### Source records
'''

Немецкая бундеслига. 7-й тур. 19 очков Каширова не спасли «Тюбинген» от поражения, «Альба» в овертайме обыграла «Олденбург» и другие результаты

'''
'''

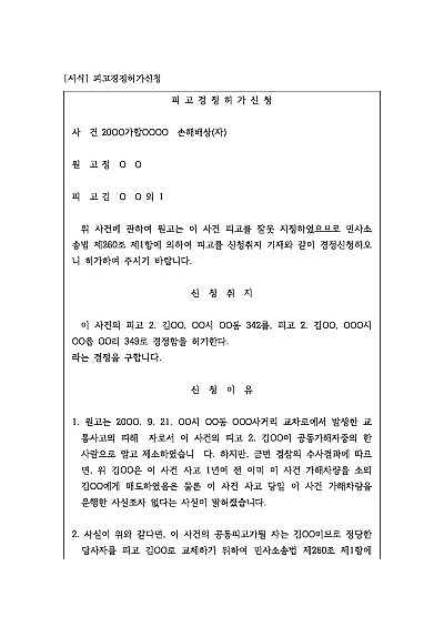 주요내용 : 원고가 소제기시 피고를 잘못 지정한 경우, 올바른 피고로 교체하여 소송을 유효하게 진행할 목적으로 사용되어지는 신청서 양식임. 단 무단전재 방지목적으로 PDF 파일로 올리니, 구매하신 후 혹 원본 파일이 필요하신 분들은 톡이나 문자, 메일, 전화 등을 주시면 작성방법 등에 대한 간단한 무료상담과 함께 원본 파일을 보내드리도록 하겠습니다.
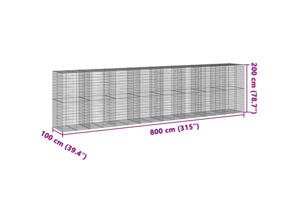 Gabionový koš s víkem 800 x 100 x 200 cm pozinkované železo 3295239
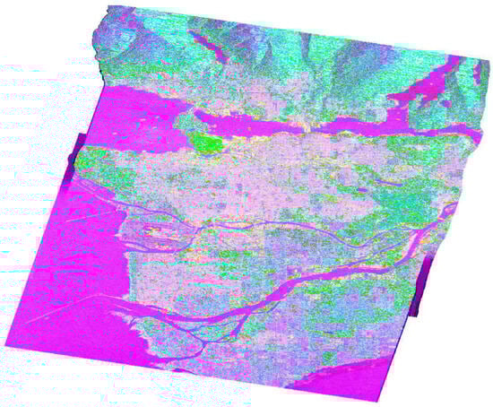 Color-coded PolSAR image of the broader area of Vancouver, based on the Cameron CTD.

'''

### Exercise description
After locating "주요내용 : 원고가 소제기시" and "Color-coded PolSAR image" in the records above, return exactly the line holding each one and every line between them; leave out the pictures.

### Task solution
 주요내용 : 원고가 소제기시 피고를 잘못 지정한 경우, 올바른 피고로 교체하여 소송을 유효하게 진행할 목적으로 사용되어지는 신청서 양식임. 단 무단전재 방지목적으로 PDF 파일로 올리니, 구매하신 후 혹 원본 파일이 필요하신 분들은 톡이나 문자, 메일, 전화 등을 주시면 작성방법 등에 대한 간단한 무료상담과 함께 원본 파일을 보내드리도록 하겠습니다.
 Gabionový koš s víkem 800 x 100 x 200 cm pozinkované železo 3295239
 Color-coded PolSAR image of the broader area of Vancouver, based on the Cameron CTD.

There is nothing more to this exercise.